Records drawn from a dataset:
==============================
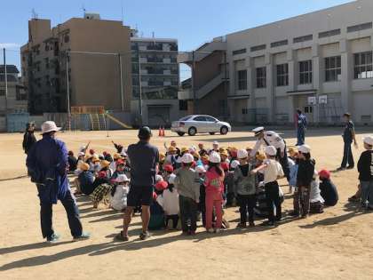 1〜3年生は、運動場で道路の安全な歩き方や交通ルールについて学んでいます。
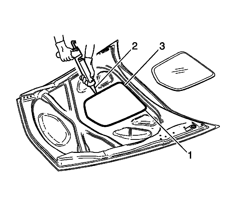 11. Use the seal (1) as a guide to apply the urethane adhesive (2) to the inner surface of the hood (3).
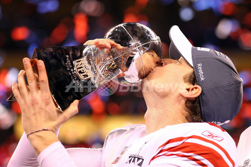 この試合のMVP(最優秀選手賞)には、タッチダウンパス1本を含む30本のパスを成功させ、296ヤードを獲得したジャイアンツのマニングが選ばれた。(c)AFP/Jim Slater
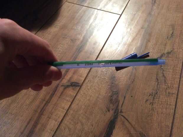 materialesUn bolígrafo BicUna gruesa banda de cauchoAlgo para crear un agujero(Yo usé el cuchillo que tenía en mano)Paso 1: DesmonteDesarmar la pluma y deshacerse de la pequeña tapa negraPaso 2: Crear el agujeroHacer un agujero lo suficientemente gra
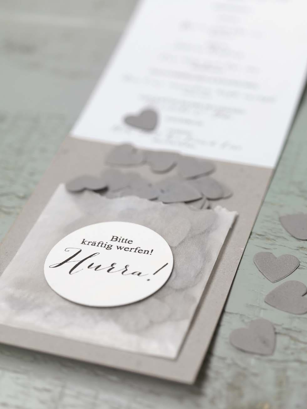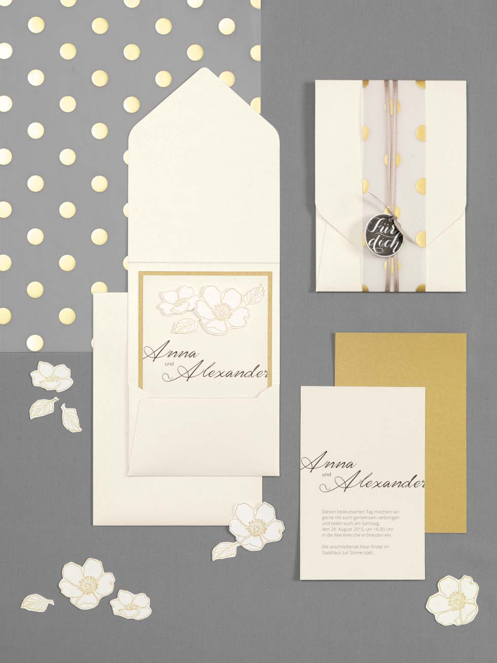 Eine Option wäre also, die Einladung zum Standesamt als einzelne Karte zu gestalten und für die große Feier eine als Kartenpäckchen erweiterte Karte oder eine Klappkarte zu verwenden.
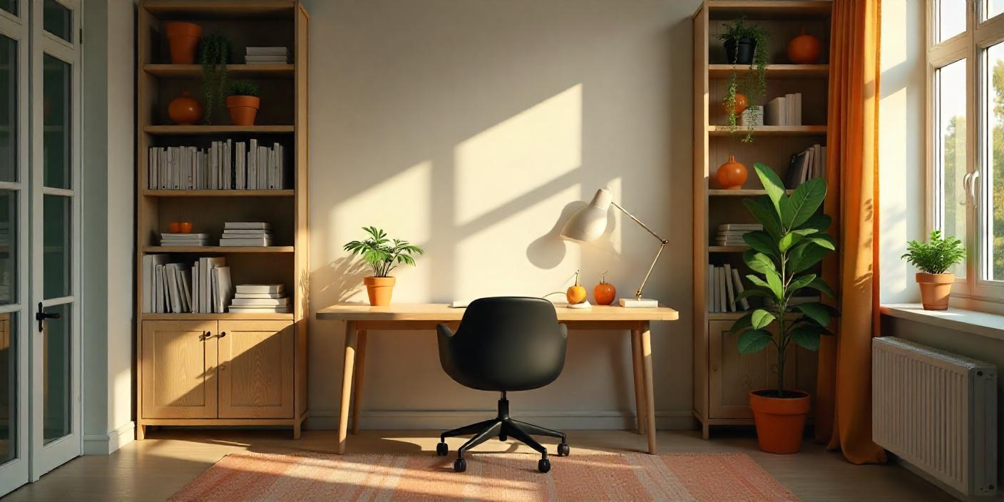 bookcases, books, bright, chair, comfortable, decor, desk, home decor, home office, interior design, natural light, peaceful, plants, potted plants, reading, study, sunlight, window, wooden, workspace
==============================
WORK TO COMPLETE:
Retype all of the entries exactly as written, leaving out any images.

ANSWER FOR THIS EXERCISE:
 1〜3年生は、運動場で道路の安全な歩き方や交通ルールについて学んでいます。
 11. Use the seal (1) as a guide to apply the urethane adhesive (2) to the inner surface of the hood (3).
 この試合のMVP(最優秀選手賞)には、タッチダウンパス1本を含む30本のパスを成功させ、296ヤードを獲得したジャイアンツのマニングが選ばれた。(c)AFP/Jim Slater
 materialesUn bolígrafo BicUna gruesa banda de cauchoAlgo para crear un agujero(Yo usé el cuchillo que tenía en mano)Paso 1: DesmonteDesarmar la pluma y deshacerse de la pequeña tapa negraPaso 2: Crear el agujeroHacer un agujero lo suficientemente gra
 Eine Option wäre also, die Einladung zum Standesamt als einzelne Karte zu gestalten und für die große Feier eine als Kartenpäckchen erweiterte Karte oder eine Klappkarte zu verwenden.
 bookcases, books, bright, chair, comfortable, decor, desk, home decor, home office, interior design, natural light, peaceful, plants, potted plants, reading, study, sunlight, window, wooden, workspace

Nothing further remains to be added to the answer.